New Hardware for Smart Software from IBM
November 2, 2022
IBM is getting into the AI hardware acceleration game with its new Artificial Intelligence Unit (AIU), we learn from VentureBeat‘s piece, “IBM Announces System-On-Chip AI Hardware.” Each AIU holds 32 cores similar to the Telum chip’s AI core. Rather than a CPU or GPU, the new component is an application-specific integrated circuit (ASIC) designed with AI in mind. This allows it to perform tasks not part of many AI accelerators, we’re told, like the ability to virtualize AI acceleration services. We are assured it is compatible with “the vast majority” of software commonly used by data scientists.

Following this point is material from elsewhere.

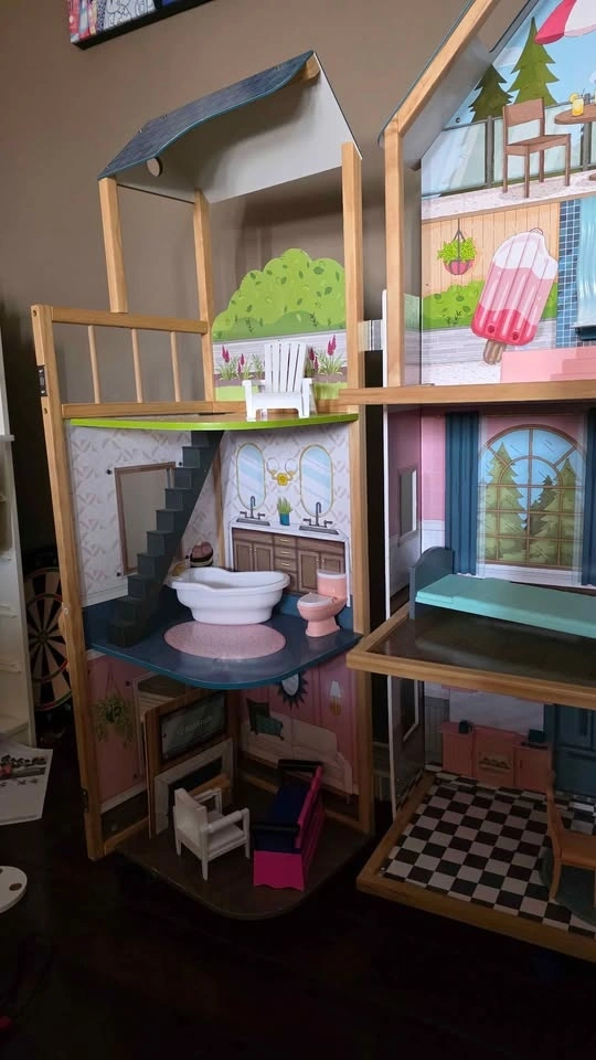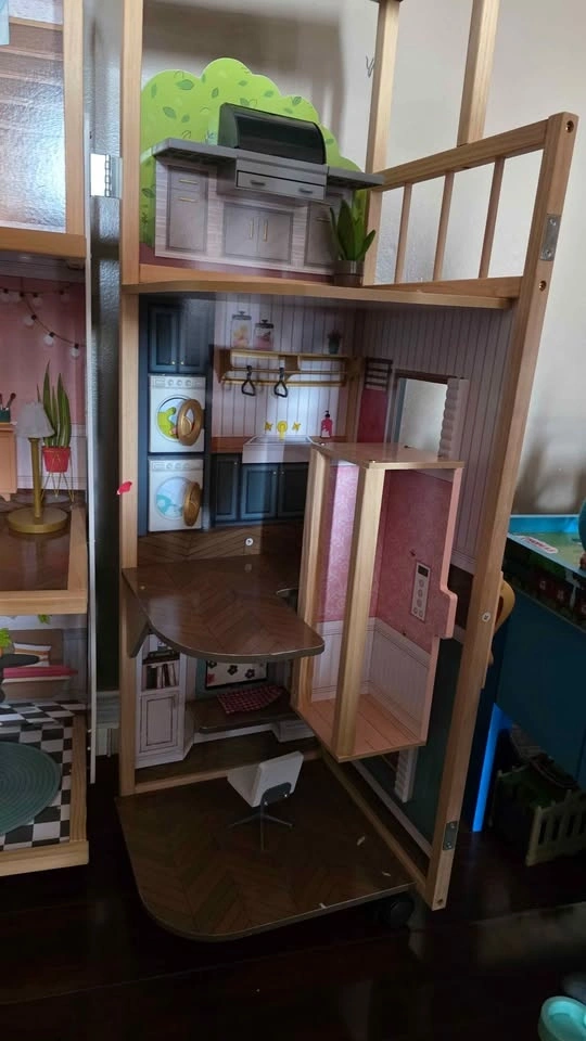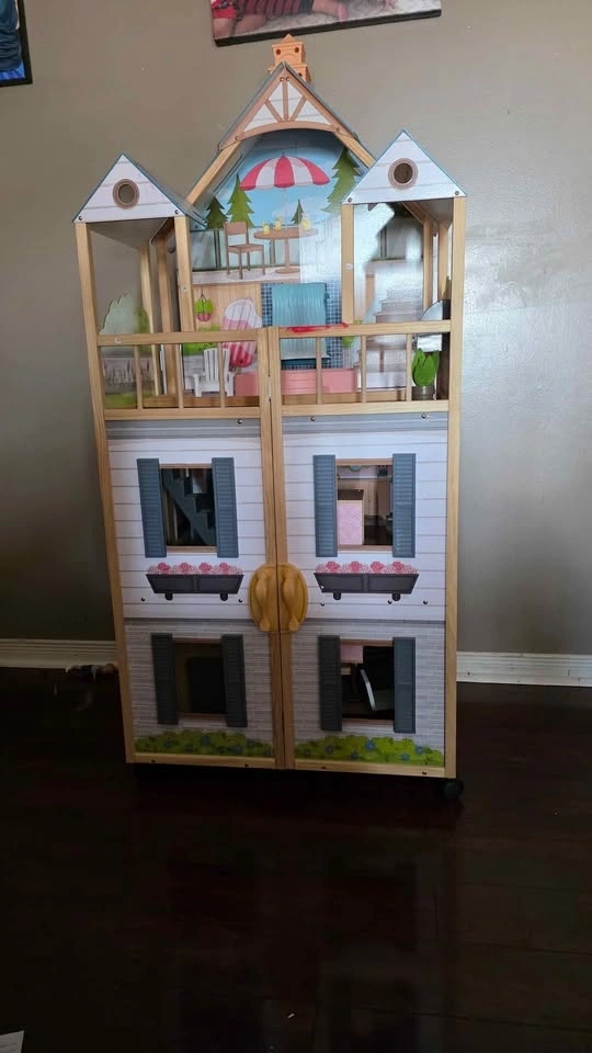 Dollhouse from Costco a year ago. Doors shut and open. Also on wheels so easy to move around. Waterfall lights up and makes sounds, and the fireplace crackles. Smoke-free home.

So far so good, but we noticed something in a passage tucked at the end of the write-up—it almost seems results are merely close enough for horseshoes and hand grenades. In order to work faster, the AIU practices “approximate computing.” Kerner tells us:
“Approximate computing is really the recognition that AI is not 100% correct,’ Leland Chang, principal research staff member and senior manager, AI hardware, at IBM Research, told VentureBeat. Chang explained that AI often works by recognizing a pattern and could well be just 99% accurate, meaning that 1% of results are incorrect. The concept of approximate computing is the recognition that within the AI algorithm it is possible to cut some corners. While Chang admitted that this can reduce precision, he explained that if information is lost in the right places, it doesn’t affect the result — which, more often than not, will still be 99% correct. ‘Approximate computing … is simply recognizing that it doesn’t have to be 100% exact,’ Chang said. ‘You’re losing some information, but you’re losing in places where it doesn’t matter.'”
You don’t say. Can we get a guarantee of that? Who makes the electronic components? Oh, right. Bad question.